Network Security Internet Technology Development Database Servers Mobile Phone Android Software Apple Software Computer Software News IT Information

In addition to Weibo, there is also WeChat

Please pay attention

WeChat public account

Shulou

Analysis of Kubernetes CSI implementation of SmartX Super Fusion SMTX OS distributed Block Storage

2025-01-30 Update From: SLTechnology News&Howtos shulou NAV: SLTechnology News&Howtos > Servers >

Share

Shulou(Shulou.com)06/03 Report--

There is no doubt that container and container choreography have become one of the most concerned technologies for IT personnel. According to Gartner survey (1), by 2022, only 10% of CIO have no plans for container use, while 27% of CIO have planned to use containers in production environments.

1. Gartner IOCS 2018 Conference polling results

The original containers are mainly used in stateless applications and do not need persistent storage, but with the more containers are adopted and the powerful automatic management capabilities brought by Kubernetes, more and more stateful applications such as MongoDB, MySQL and PostgreSQL are running on containers, which put forward more requirements and higher requirements for persistent storage.

SmartX distributed block storage (internal code: SMTX ZBS) is independently developed by SmartX. As the core engine of SmartX super-convergence, ZBS has been widely used in private cloud construction, virtualization integration and other scenarios in finance, manufacturing, communications, real estate and other industries to carry user production and development business. Its stability, ease of use and rich storage characteristics have been tested for a long time and have been recognized by a large number of industry leaders.
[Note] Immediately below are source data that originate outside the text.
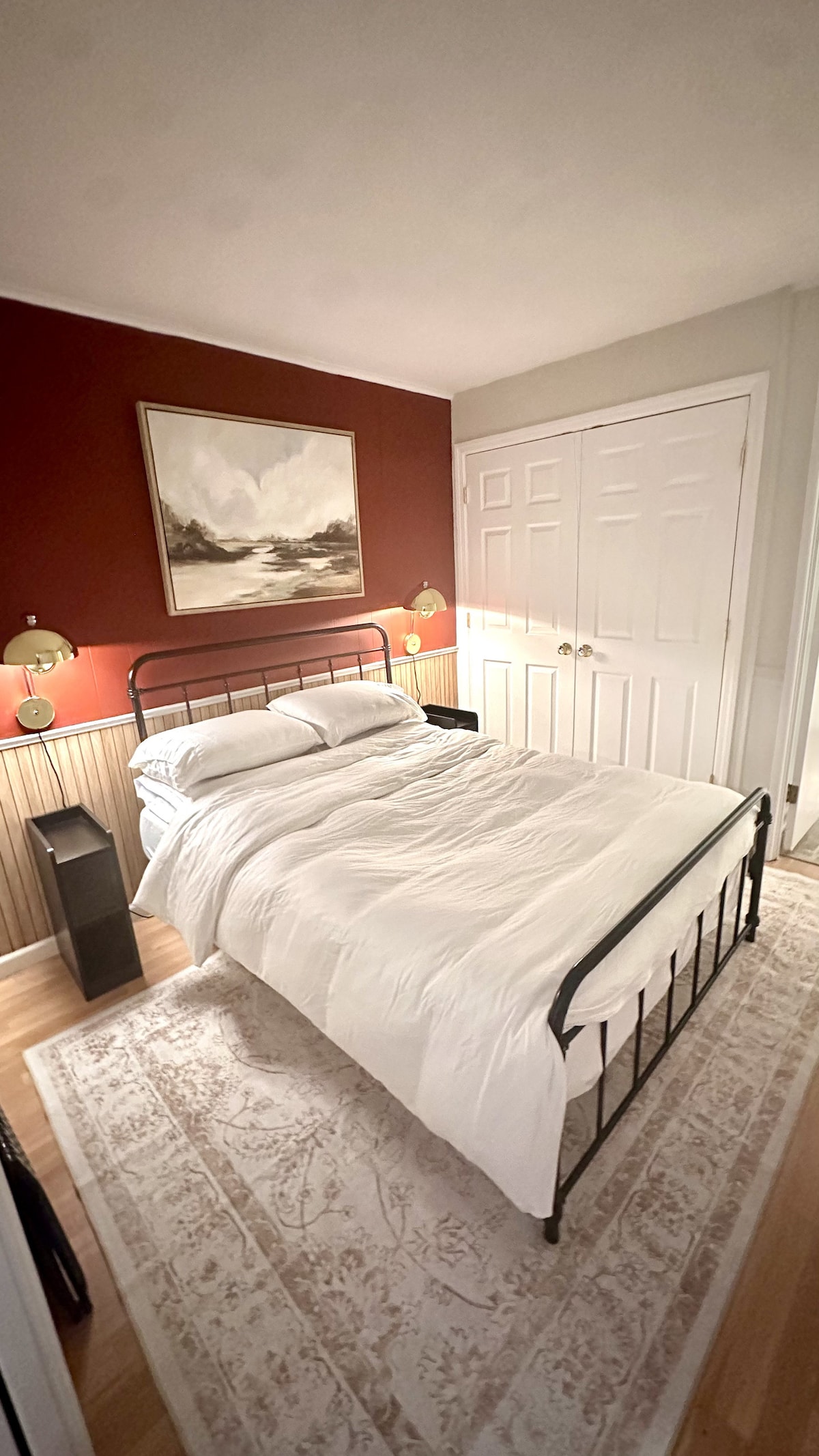 - Sleeps 4 (Queen bed & air mattress) -Heated towel/robe warmer, plush robes, microfiber hair wrap, makeup mirror -Coffee bar w/ french press, espresso machine, fresh coffee beans, flavored syrups, tea -Fully stocked kitchen w/ airfryer, baking essentials, toaster - Access to streaming services is provided (no cable TV) -Barware including cocktail shaker set, champagne flutes, margarita/wine/whiskey glasses -Complimentary toiletries & feminine oriented essentials -Indoor fireplace
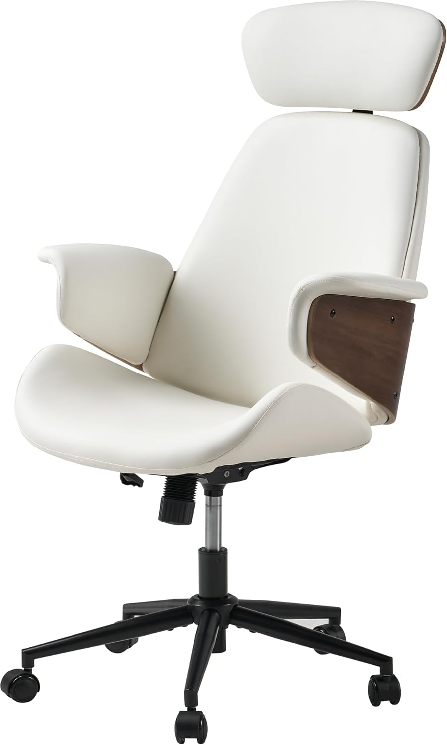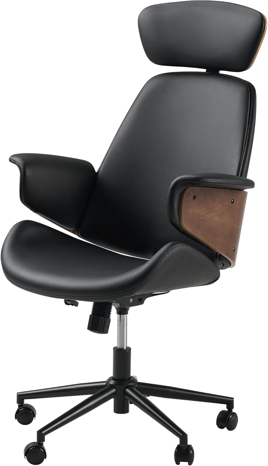 Home Office Chair with Wheels and Bentwood Arms, PU Leather Swivel Desk Chair with Lumbar Support and Headrest, Height Adjustable Modern Computer Chair for Office, Study
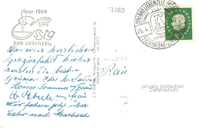 43189079 alte Postkarte Bad Liebenzell Konditorei Cafe Essig Kurort im Schwarzwald postalisch gelaufen Erhaltung siehe scans [FriedD77] KatCode: 11110008235008

Recently, SMTX ZBS's CSI driver has been officially added to the official driver list of K8s. Enterprise customers can not only continue to use SMTX ZBS to build private clouds and super-converged systems, but also use it to provide persistent storage for K8s and support stateful applications such as databases, further accelerating the landing of K8s in more scenarios within the enterprise.

Screenshot of Kubernetes official website

The following sections outline the mechanism of CSI and the implementation of the interface between SMTX ZBS and CSI.

Concept and definition

1. Persistent storage support for K8s

In terms of supporting persistent storage, K8s provides a way to connect external common storage systems such as NFS, iSCSI, CephFS, RBD and so on by embedding native Driver to meet the needs of different businesses. However, due to the continuous evolution of the storage ecology itself, using the embedded way of K8s to support the changing storage system will bring great challenges to the K8s project itself in terms of cost and time.

So like other service management systems, K8s gradually separates the specific implementation of the storage system from the main project and allows third-party vendors to access storage services by defining interfaces. We have also gone through two stages on this road:

1. Flex Volume, introduced since version 1.2.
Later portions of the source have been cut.